大牢外,公孙智已经买好马匹,见到张捕头出来后,冷笑一声:
“那家伙是嘱托你小心我吧?”
“啊?”
张捕头脸色骤变,随即哈哈大笑:“师爷误会了,大人不是那种人。”
公孙智不屑的冷笑一声,翻身上马。
“哼,两个小人。”
话落,绝尘而去。
看着公孙智傲娇的背影,张捕头尴尬的摸了摸脸,多少有些难为情,不过很快又想起了杜良的话。
小心师爷!
“只好委屈师爷了,毕竟大人的命要紧,驾!”
张捕头策马疾驰,很快与公孙智一前一后离开子午县,在官道上留下两道尘风。
二人离开后,杜良不安的在牢房中走来走去。
公孙智会不会暗中搞鬼?他们路上是否会遇到麻烦?信交给婉宁后时间来得及么?婉宁看完之后会救自己么……
“是不是有点草率了?”
一时间,杜良心乱如麻,再无刚才的气定神闲。
有些事情就是这样,越是琢磨,心里越是没底,甚至怀疑人生。
“这种把命运掌握在别人手里的滋味太难受了,看来以后还是要稳健一些啊。”
杜良靠坐在墙角,喃喃自语道。
……
去往安阳郡的官道上,张捕头与公孙智策马疾驰,一直到了傍晚才休息。
二人找了处避风的岗坡,将路上购买的干粮拿了出来。马绳系在树上,自行进食。
简单了吃些了干粮,公孙智将水壶递给张捕头。
“如果我们日夜兼程的话,估计明天傍晚就能赶到四王爷府了。
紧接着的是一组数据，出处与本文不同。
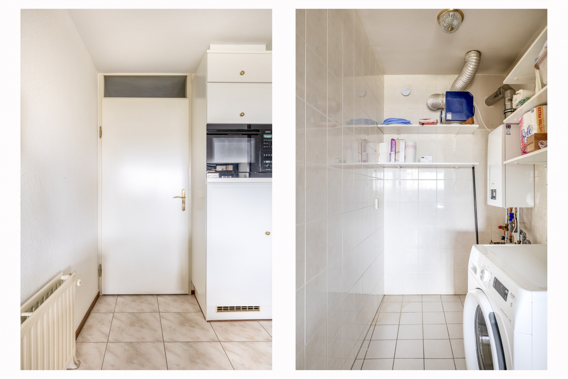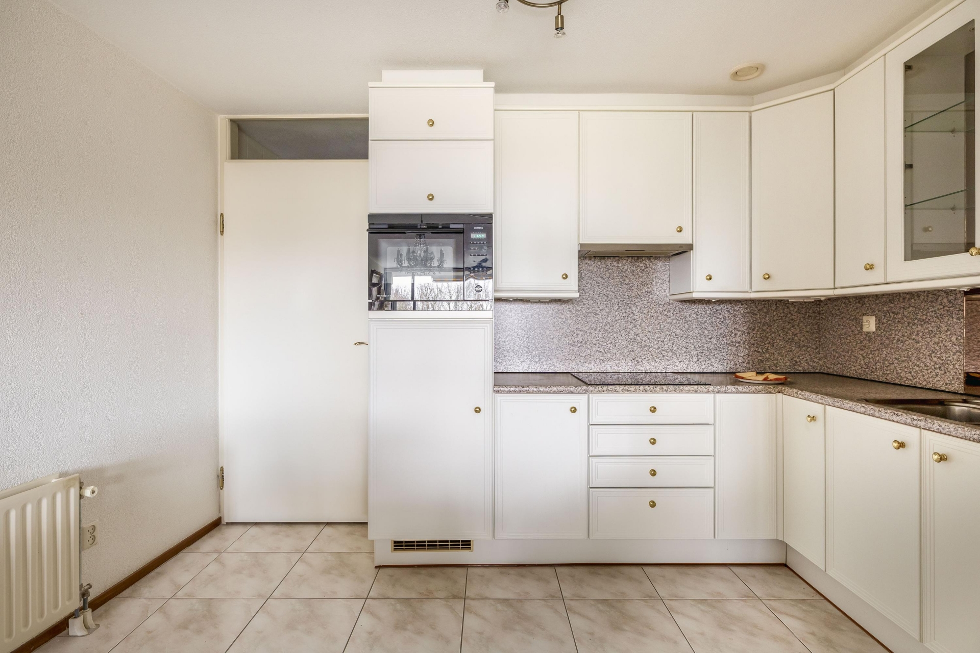De open keuken is opgesteld in een praktische hoekopstelling en voorzien van inbouwapparatuur van Siemens. Aansluitend bevindt zich de bijkeuken/wasruimte met de Remeha CV-combiketel (2022) en de mechanische ventilatie.

”
张捕头仰头灌了几大口水,擦掉水渍后,担忧的道:“也不知是否来得及,可是苦了我这把老骨头喽。”
说着话时,张捕头起身,准备给马匹撒点盐豆,结果稍一用力,踉跄着倒在了地上。
“怎么回事?”
对面,公孙智站起身,居高临下的看着他,眼中闪过阴毒之色。“既然你嫌累的话,那就好好休息休息吧。”
“你……水里有毒?”
张捕头脸色大变,痛苦的捂着嗓子,想要站起来却怎么也使不上力气,身体仿佛灌了铅一样,而且喉咙火辣剧痛。
公孙智狞笑一声,伸手从他的衣襟下取出信封,当面撕成一片片,如雪片一般洒在地上。
“县令之位本来就是我的,我早就想除掉他了,没想到机会来的这么快,真是天助我也,哈哈哈!”
看着公孙智肆虐狂笑,张捕头痛苦的张了张嘴,脸颊黑紫,已经油尽灯枯。
“大人,对、对不住了,我没完成任务……”话音落下,张捕头口吐污血,缓缓倒在地上,双眼瞪的溜圆。
……
“呼……”
杜良猛地坐起身,大口喘着粗气。
寒冷的牢房里,竟然睡了一身的汗水,惊魂未定的看着牢门,过了许久之后才长长的舒了口气。
“他娘的,原来是梦啊!”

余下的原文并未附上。